Dans l’ensemble, la modification du caractère telle que nous l’avons brossée ici en quelques traits, exprime le dépassement progressif du narcissisme qui régissait les premiers stades de la genèse du caractère. Dans sa forme définitive, le caractère de l’homme conserve quelques-uns de ces éléments ; car l’expérience nous apprend qu’aucune phase du développement organique n’est jamais radicalement ni dépassée ni effacée. Au contraire, tout nouveau résultat du développement porte en lui des signes émanant des étapes antérieures. Mais, même si les phénomènes primitifs d’amour de soi se maintiennent partiellement, nous pouvons considérer que l’étape ultime du caractère est relativement non narcissique.

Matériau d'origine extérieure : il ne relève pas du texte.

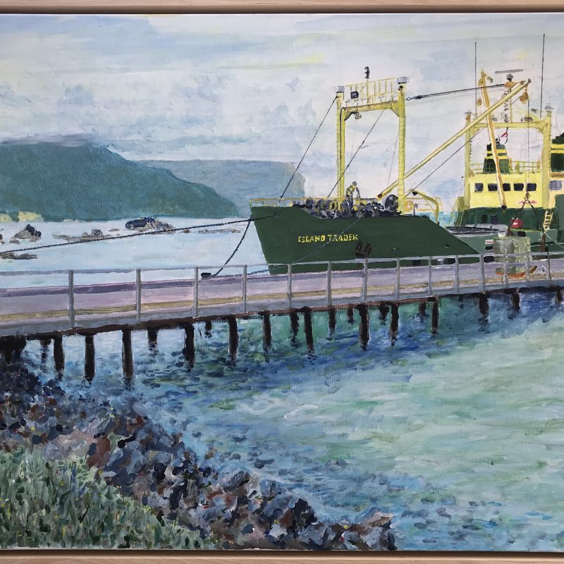 Acrylic on stretched canvas and encased in a white timber floating frame.
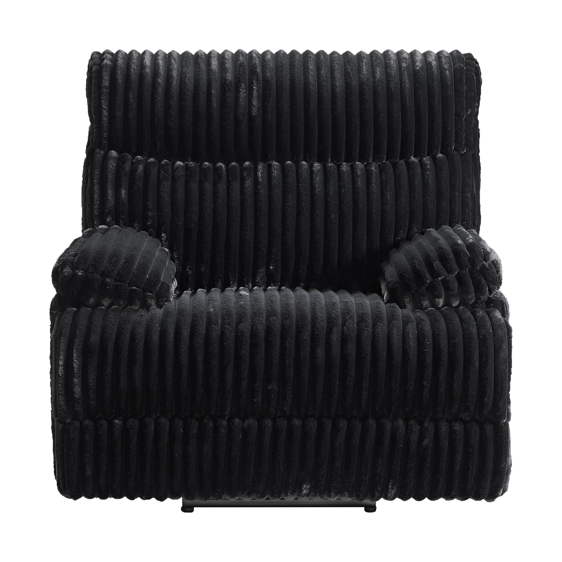 Let the Admiral Motion Recliner in Masis Black cradle you in unprecedented comfort. Upholstered in a plush, ribbed fabric and filled with supportive cushioning, this piece is made to enrich even your longest moments of repose. Manual reclining functionality enhances relaxation, while padded pillow top armrests are ideal for lounging. The versatile and sleek black finish pairs well with various décor styles and is forgiving to staining, while framing of quality engineered wood enhances durability. For a piece as versatile as it is comfortable, outfit your living space with the Admiral Motion Recliner in Masis Black.

Pour relatif qu’il soit également, le dépassement de l’ambivalence a une importance extrême dans la formation du caractère. Divers exemples nous ont montré comment le caractère, une fois le stade ultime de son développement atteint, reste à égale distance des extrêmes. Nous rappelons que la persistance d’un violent conflit d’ambivalence dans le caractère recèle et pour le sujet et pour son entourage le danger permanent d’une bascule d’un extrême à l’autre.

Une évolution aussi parachevée que possible du caractère, jusqu’à l’étape supposée par nous comme la plus élevée de développement, exige donc avant tout un degré suffisant d’affects tendres et amicaux. Elle va de pair avec le dépassement relatif du narcissisme et de l’ambivalence.

Nous avons vu que l’opinion courante sur la genèse du caractère ne donne pas un aperçu suffisant des sources de ce développement, dans sa totalité. La psychanalyse, au contraire, grâce à des recherches empiriques, dégage des liens étroits entre la formation du caractère et le développement psychosexuel de l’enfant, en particulier les stades d’organisation de la libido et l’établissement des relations libidinales objectales. En outre, la psychanalyse nous permet de voir que même une fois la période d’enfance révolue, le caractère de l’homme est le théâtre de progressions et de régressions.

Considérer le caractère comme étroitement et constamment lié à toutes les autres manifestations de la psycho-sexualité, et admettre l’existence de modifications, même au delà de l’enfance, conduit à envisager une psychanalyse normative des formations caractérielles pathologiques.. La pratique ne nous confronte pas seulement avec la tâche de traiter des affections névrotiques au sens strict. Il n’est que trop fréquent que nous ayons à soigner, outre celles-ci, ou même avant toute chose, des variantes pathologiques du caractère. Les expériences recueillies jusqu’ici dans ce domaine peuvent se résumer en ces termes : « l’analyse du caractère » appartient aux tâches les plus ardues exigées du psychanalyste, mais, pour un certain nombre de cas, c’est la plus profitable. Actuellement, nous ne sommes pas en mesure de porter un jugement d’ensemble sur les effets thérapeutiques de l’analyse du caractère ; des investigations ultérieures devraient y parvenir.